Въ этихъ думахъ его засталъ невеселый разсвѣтъ сѣренькаго весенняго дня…

VIII

Евгеній, подходя къ дому, гдѣ жила его мать, испытывалъ совершенно новое для него, еще неизвѣданное имъ чувство. Это была трусость, это былъ страхъ ребенка, боящагося того, что ему скажутъ старшіе, распоряжающееся и имѣющіе право распоряжаться его судьбой. Можетъ быть, ему сдѣлаютъ строгій выговоръ, можетъ быть, на него станутъ кричать, можетъ быть, ему наговорятъ дерзостей. Что дѣлать? Что отвѣчать? Какъ держать себя? Онъ можетъ какой-нибудь неосторожной фразой раздражить еще болѣе мать и тогда… «Да не удержитъ-же она меня силой? Я не ребенокъ!» подбадривалъ онъ себя и въ то-же время тревожно спрашивалъ себя: «А если?» Онъ не зналъ матери, онъ забылъ ее, онъ помнилъ смутно, что она говорила капризнымъ голосомъ ему и Олѣ: «ступайте, вы надоѣли!» Больше онъ ничего не помнилъ теперь.
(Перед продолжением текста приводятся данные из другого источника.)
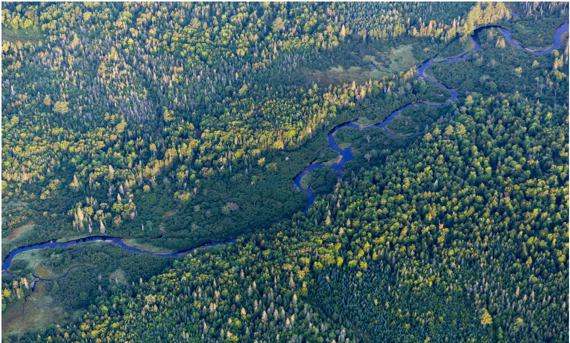
Apple and The Conservation Fund are protecting Reed Forest in Maine.

Through its Working Forest Fund, the Fund aims to ensure the vital role of forests in providing clean air and water, wildlife habitat, and economic benefits for communities across the United States. With support from Apple, the Fund identifies and purchases working forests with ecological and economic assets that were threatened by large-scale fragmentation or development. The Fund then places a conservation easement on the land to ensure that it is sustainably managed and protected from development in perpetuity. Once appropriate partners are found, the Fund transfers the easement to a qualified holder responsible for its enforcement, and sells the forest in the open market. After the sale of the property, they reinvest funds from the sale to protect additional working forests, boosting local economies by maintaining jobs and creating a supply of responsibly managed forest products. 14
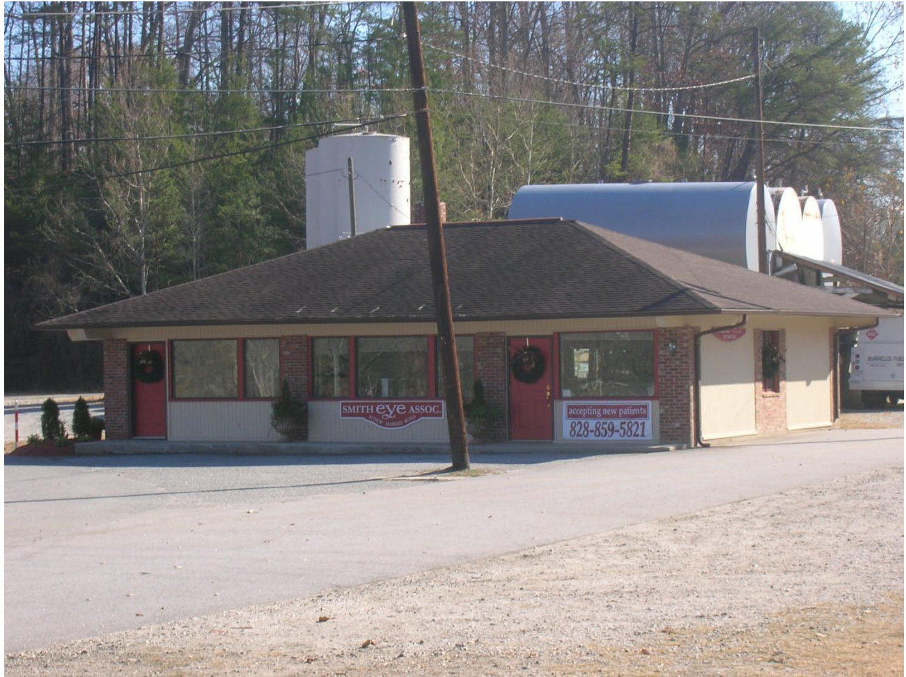
PL 82 – Burrell's Fuel, New Market Street
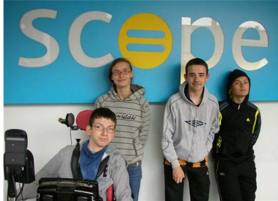
A group of pupils from Endeavour, supported by the ACE project, in association with Hull and East Yorkshire MIND, visited Scope's office in June 09.
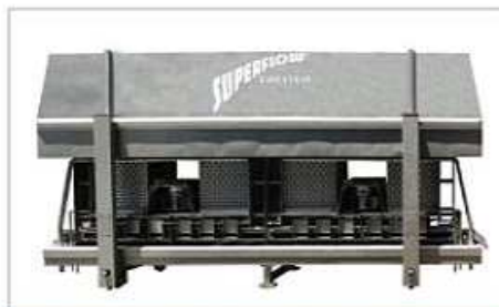
Hoistable Cover for Easy Access & Cleaning

Кромѣ того онъ сознавалъ, что мать, бросившая его, забывшая его надолго, не могла любить его. Добродушія и мягкости онъ не могъ ждать отъ той, которая по какому-то капризу хотѣла отнять брошенныхъ ею дѣтей отъ женщины, любящей ихъ горячо, отдавшей имъ всю себя. Все это не обѣщало ему ничего добраго во время предстоявшаго ему свиданія. Правда, Оля говорила ему мелькомъ, что мать плакала и нѣжничала при свиданіи съ ней, съ Олей, но онъ даже не вслушался тогда въ эти разсказы, не желая ни думать, ни говорить о матери, и не могъ составить себѣ теперь никакого яснаго представленія о характерѣ этой женщины. До сихъ поръ онъ слышалъ смутные толки о ея поведеніи, о ея замужествѣ — объ этомъ предметѣ говорилъ весь городъ, называя старика Ивинскаго «выжившимъ изъ ума», «сумашедшимъ» за его женитьбу на этой женщинѣ, бросившей мужа, доведшей до гибели перваго своего любовника, завязывавшей интрижки съ кѣмъ попало, — но никто изъ говорившихъ про его мать не могъ ему описать ея характера и теперь это было ему досадно: онъ не зналъ, какъ ему придется себя держать съ нею, не могъ подготовиться къ отвѣтамъ. Но идти было нужно въ избѣжаніе новыхъ писемъ къ княжнѣ, въ избѣжаніе какихъ-нибудь насильственныхъ мѣръ для водворенія его въ родительскій домъ. Княжна, какъ мы видѣли, очень серьезно отнеслась къ письму Евгеніи Александровны, не менѣе серьезно взглянулъ на это дѣло и Евгеній, хотя онъ и не могъ понять, зачѣмъ онъ вдругъ понадобился матери.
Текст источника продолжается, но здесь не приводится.